▶ **Instructions for the task**
Omit pictures and quote the listing below line by line, from its start through the line that holds "The best tea".
### Supplied material
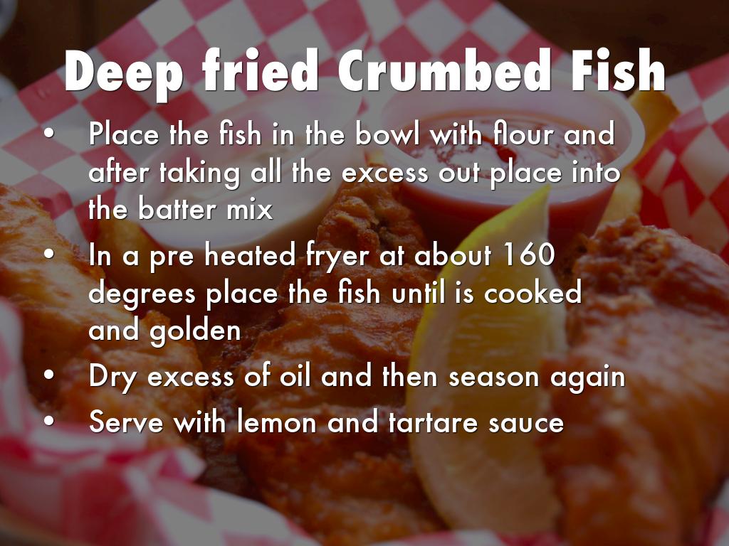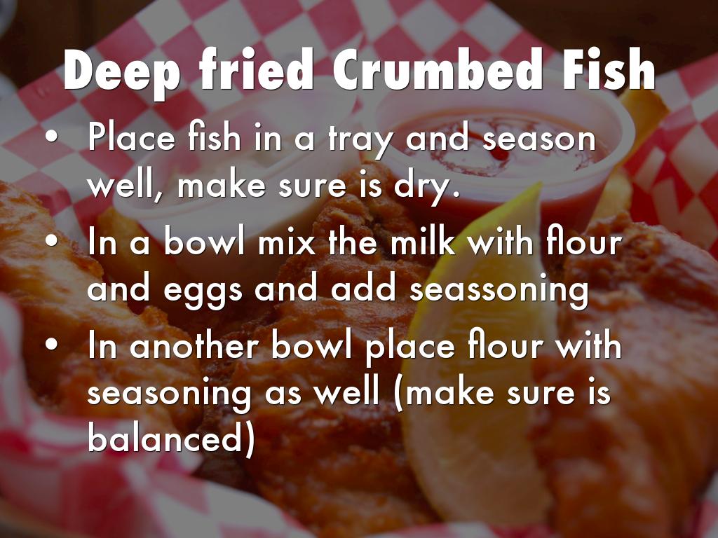 Trim and clean fish, place into seasned flour and take excess of flour out
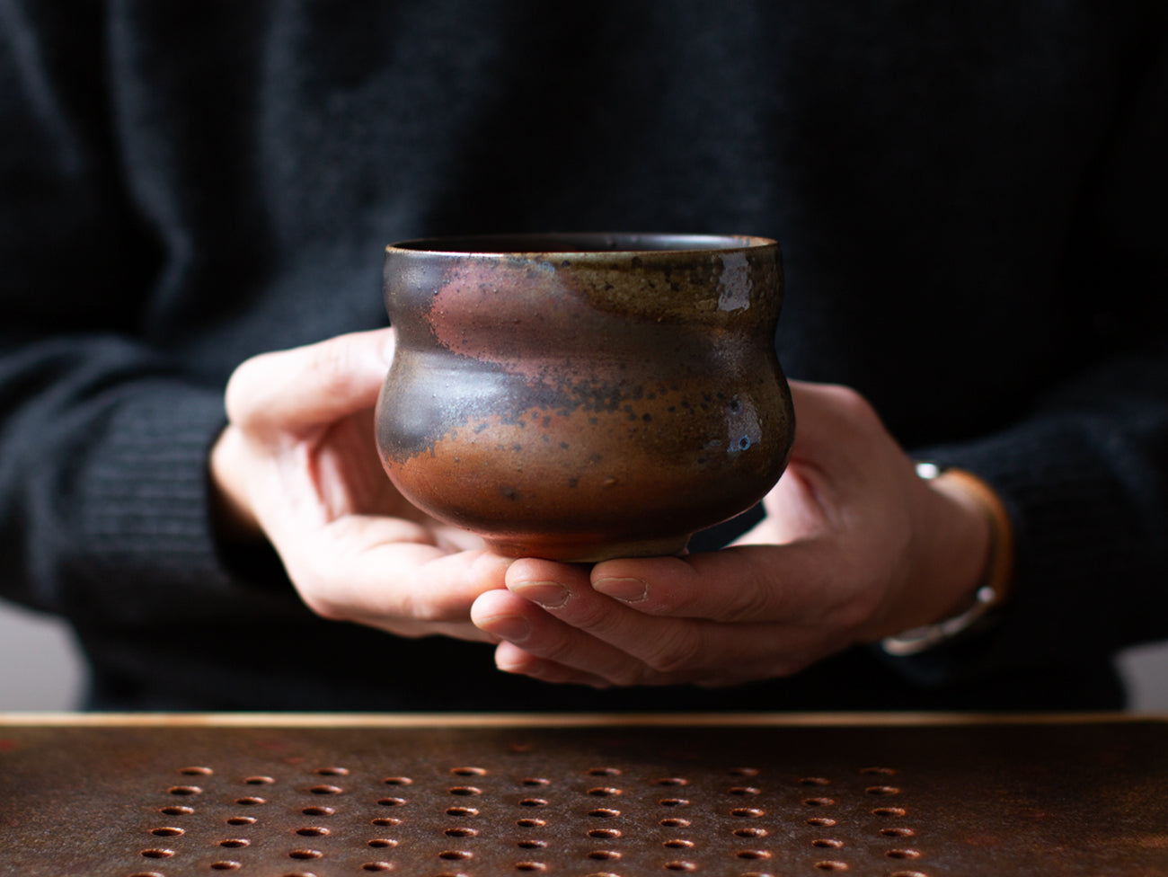 The best tea bowls for this brewing style act like extensions of the hand, vessels intended to be cradled throughout the day. Taiwanese potter, Zhang Hao Yan is a master of this form, each bowl gently curved and sized to hold close. Thrown from dark stoneware and trimmed by hand on the potter’s wheel, the surface is colored in burnt siennas and umbers, the marks of ash and flame on their pathways through the wood-fired kiln. The vessel appears somewhat volcanic in nature, an echo of the natural warmth tea bowl drinking provides.
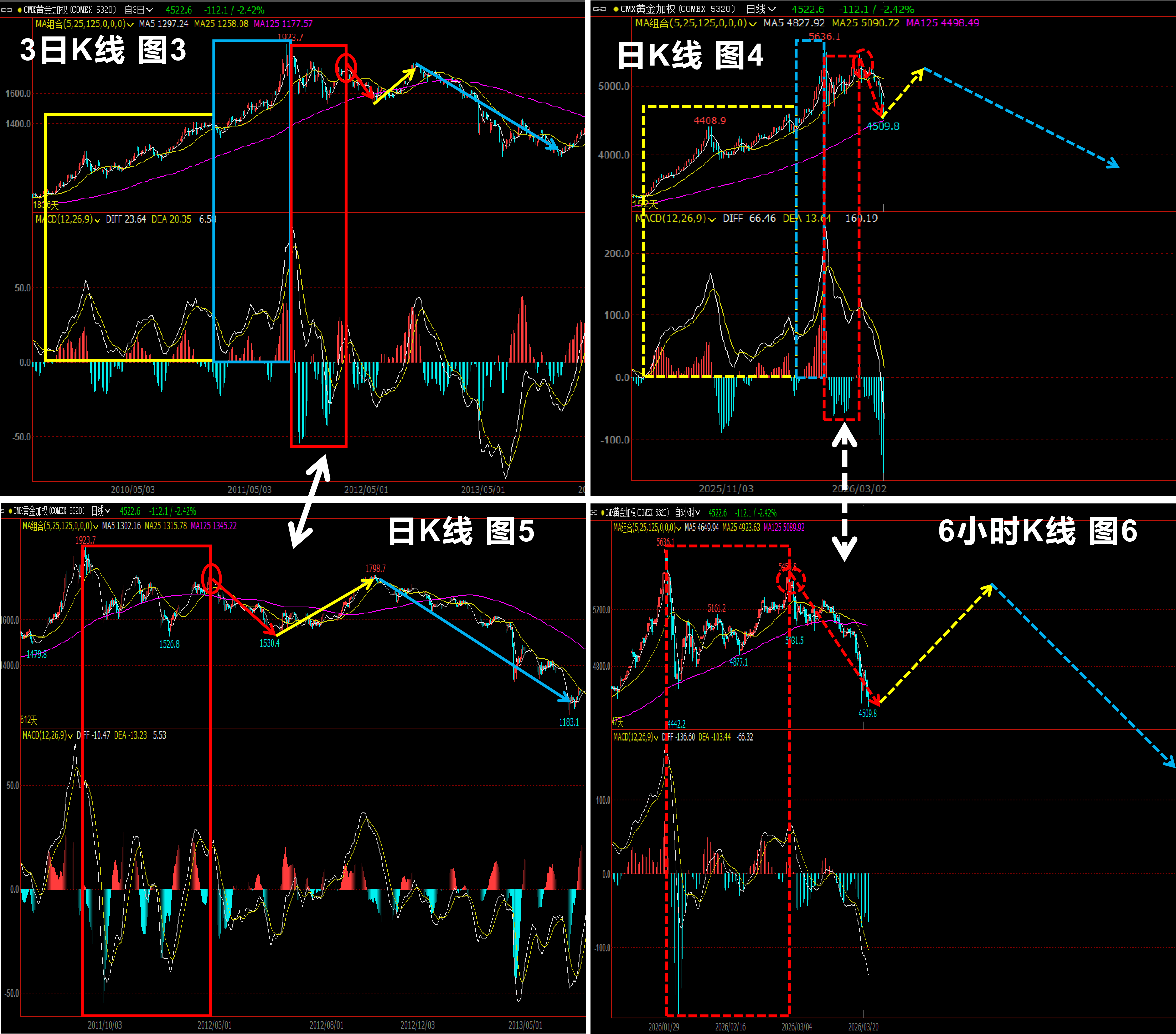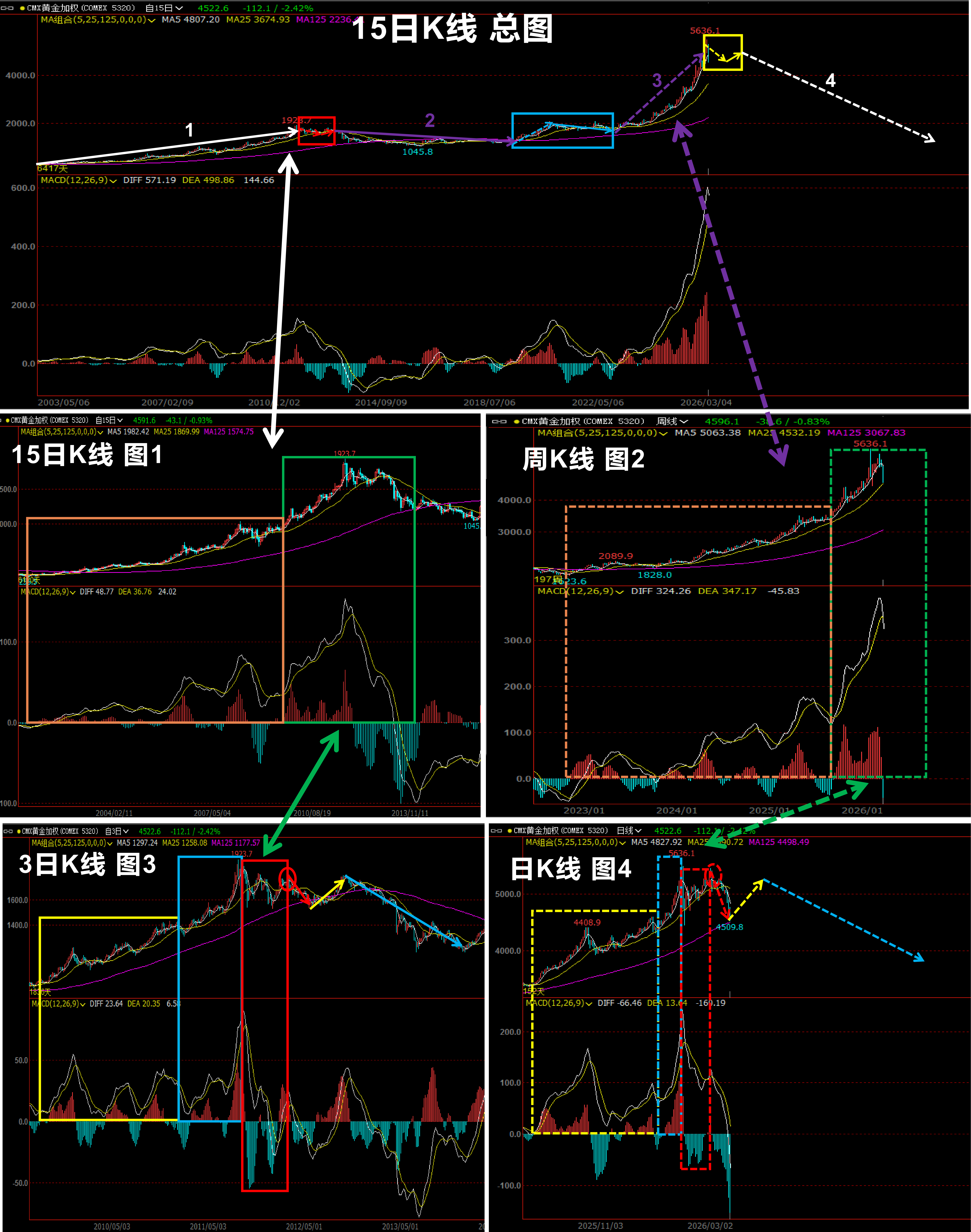 这张图片的“总图”部分,我用各色箭头和框框标注的就是黄金大级别上涨结构的运行构造逻辑。黄金的整个结构,其实就是一个四段式起伏震荡结构,白色箭头1,就是黄金的第一波上涨,紫色箭头2就是之后的回调结构,回调结束后,又展开了紫色箭头3的第二波上涨结构,目前,紫色箭头3的第二波上涨结构已经结束了,因此,黄金的大级别上涨结构已经见顶了,之后等待黄金的就是白色箭头4所标注的新一轮的大级别下跌。四个箭头,两两相对,紫色箭头2和3相对,白色箭头1和4相对。观察可以发现,紫色箭头3的上涨结构,其上涨级别是小于紫色箭头2的下跌结构的,因此,黄金的上涨出现了“顶背离”。紫色箭头2和3,方向相反,结构相似,两者级别的大小差异,代表着市场多空情绪力度和市场资金多空强度的差异。经过紫色箭头2和3的实际验证,说明了黄金的走势结构,在这两个起伏位置处,体现出来的状况就是“空方获胜”。未来,当白色箭头4的下跌回调结构全部完成后,我们就能对比两个白色箭头1和4的级别大小差异了。
######
▶ **Written solution**
 Trim and clean fish, place into seasned flour and take excess of flour out
 The best tea bowls for this brewing style act like extensions of the hand, vessels intended to be cradled throughout the day. Taiwanese potter, Zhang Hao Yan is a master of this form, each bowl gently curved and sized to hold close. Thrown from dark stoneware and trimmed by hand on the potter’s wheel, the surface is colored in burnt siennas and umbers, the marks of ash and flame on their pathways through the wood-fired kiln. The vessel appears somewhat volcanic in nature, an echo of the natural warmth tea bowl drinking provides.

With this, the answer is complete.